The committees took the action despite pleas to the contrary from the Clinton administration most sectors of the information technology industry and Rep. Dan Burton (R-Ind.) chairman of the House Government Reform and Oversight Committee.

Industry sources who had been fighting to allow cooperative purchasing on IT schedules last week all but conceded defeat.

"I think at this stage it may be time to call in Dr. Kervorkian " said Larry Allen executive director of the Coalition for Government Procurement. "I don't think the full committee of the House is likely to undo what its subcommittee did."

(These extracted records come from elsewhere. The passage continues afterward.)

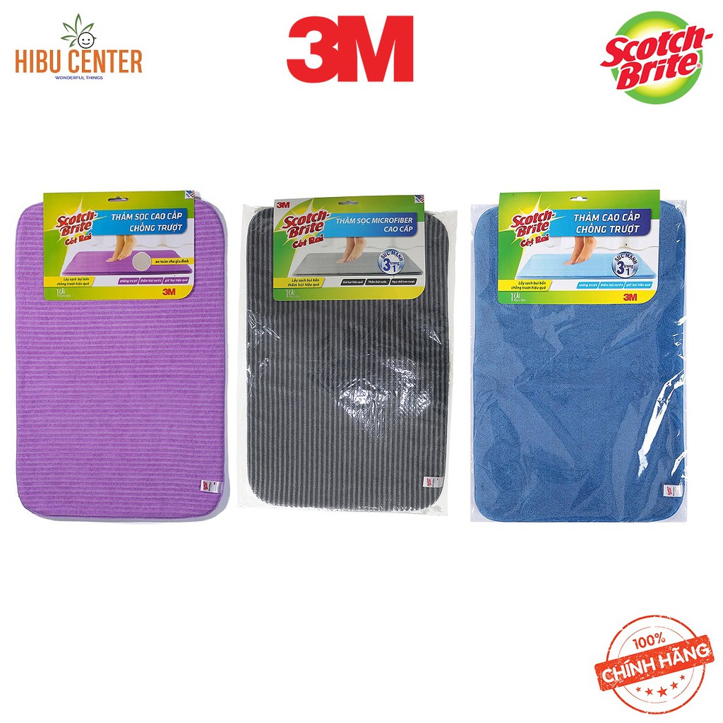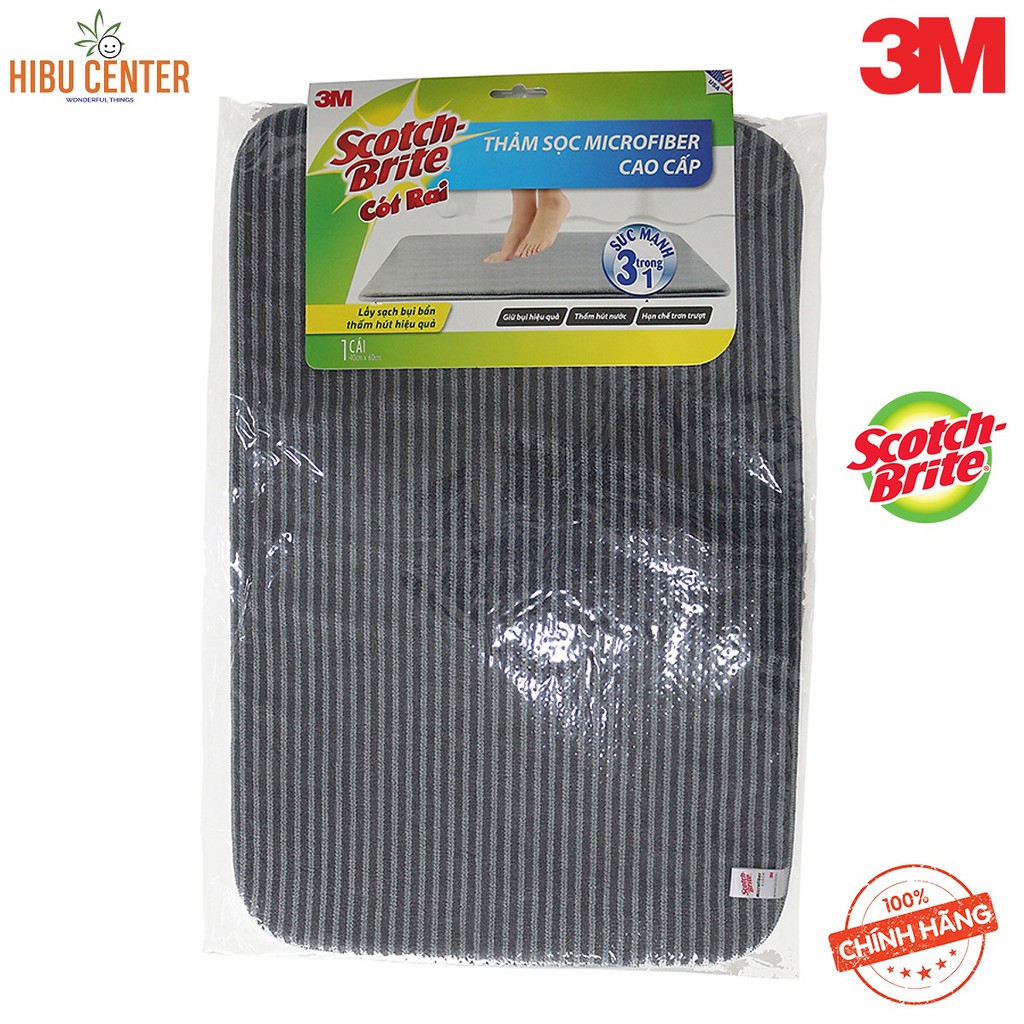 Thảm Trơn/ Sọc Microfiber Cao Cấp/ Mới Scotch-Brite 3M - 40 x 60 cm – Chống Trượt, Thấm Hút Nước, Giữ Bụi Hiệu Quả - Hàng Chính Hãng – HIBUCENTERA) 3M Thảm chống trượt cao cấp (40x60)cm - XA010901966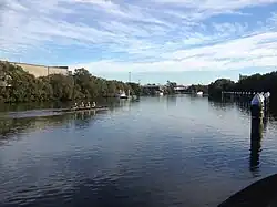 One of the white first settlers on the creek was Patrick Leslie who, in 1845, built the still-standing Newstead House. Brisbane's Cantonese community, who had established businesses in Fortitude Valley and built the Temple of the Holy Triad in 1886, settled in the flats around Breakfast Creek and Eagle Farm.[4] During dry times in the early colony of Moreton Bay, when water from the Roma Street reservoir was depleted, supplies were carted from Breakfast Creek.[5]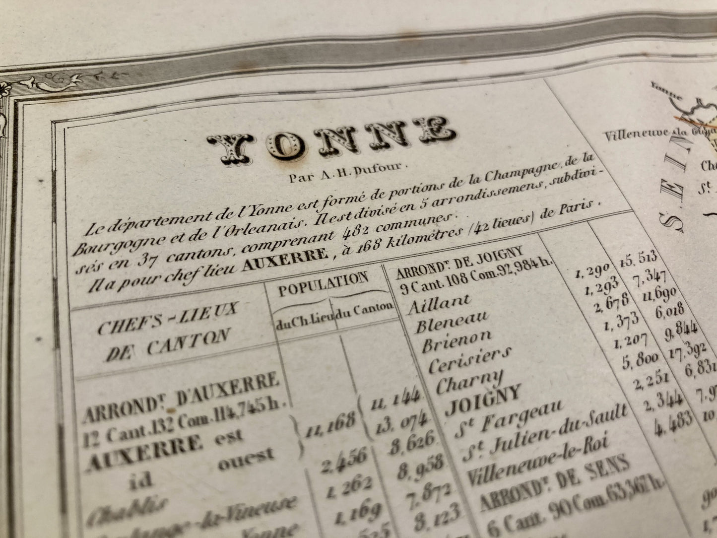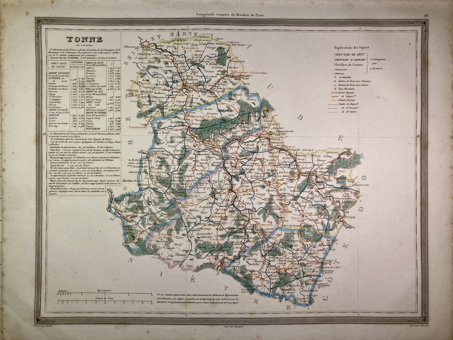 This old map of Yonne accompanied by some statistics comes from the Atlas of the 86 departments and the French Colonies. It was produced by the Geographer Auguste-Henri Dufour and printed during the 19th century. Its size is 41x32cm.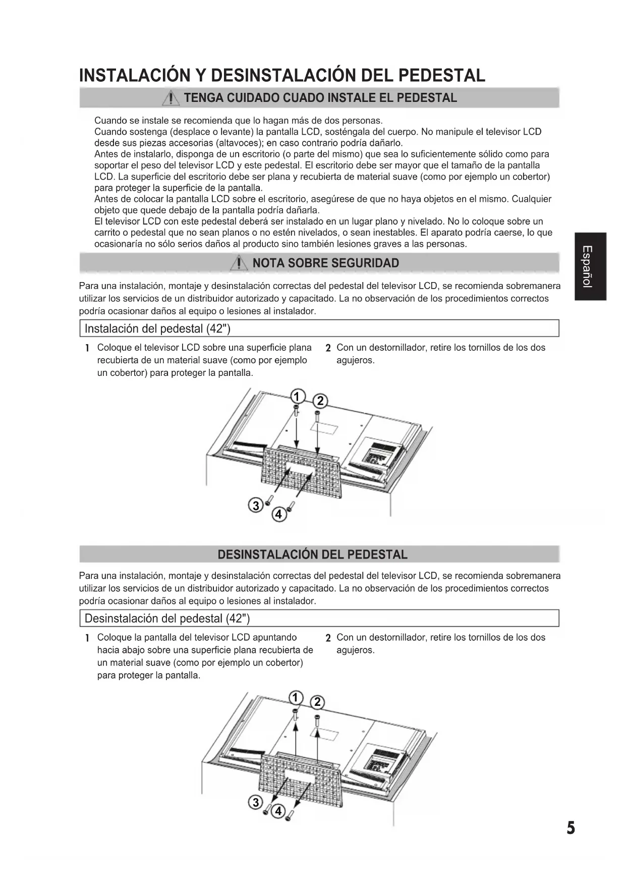Para una instalación, montaje y desinstalación correctas del pedestal del televisor LCD, se recomienda sobremanera utilizar los servicios de un distribuidor autorizado y capacitado. La no observación de los procedimientos correctos podría ocasionar daños al equipo o lesiones al instalador. Desinstalación del pedestal (42")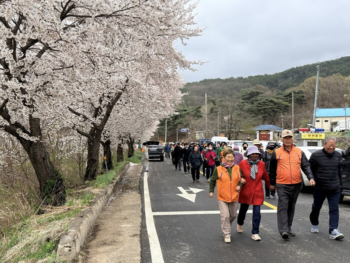 이번 행사는 옥성면체육회 주관으로 지역주민 300여명이 참여한 가운데 진행됐으며, 산촌리 마을회관에서 석거실까지 이어지는 벚꽃길 코스를 따라 걷기 행사가 펼쳐졌다.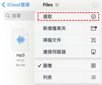 如果您的MP3在檔案應用程式中,您可以利用iCloud雲碟將MP3檔案傳輸到電腦,然後完成iTunes MP3匯入過程。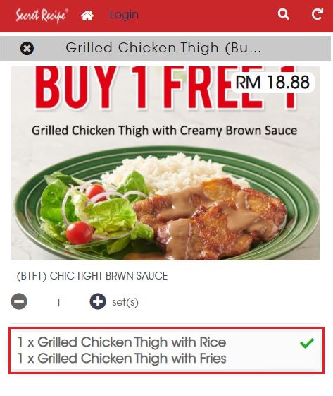 买一送一的选择只有Grilled Chicken Thighs with Brown Souce哦!不过你可以任选要配白饭或薯条!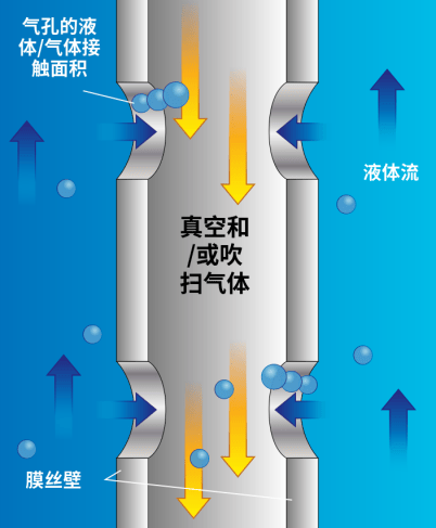 膜除氧原理为:在透气不透水的膜丝外侧液体流过,膜丝内侧通过真空/扫气改变气体分压。让液体中的溶解性气体(氧气、二氧化碳、氮气等)不断透过膜丝壁,被带出膜组件外部,从而可以精准控制水中气体的含量。目前膜除氧技术可稳定将水中溶解氧脱除到1ppb(μg/L)以下,二氧化碳脱除到1ppm(mg/L)以下。

Proponents of cooperative purchasing believe it can save taxpayers money by allowing state and local governments to take advantage of the low prices offered through the schedules program while consolidating the buying power of all levels of government. Opponents said the idea could have a negative impact on small businesses which may have close ties to state and local governments. The extent to which other governments want to use federal contracts remains unclear.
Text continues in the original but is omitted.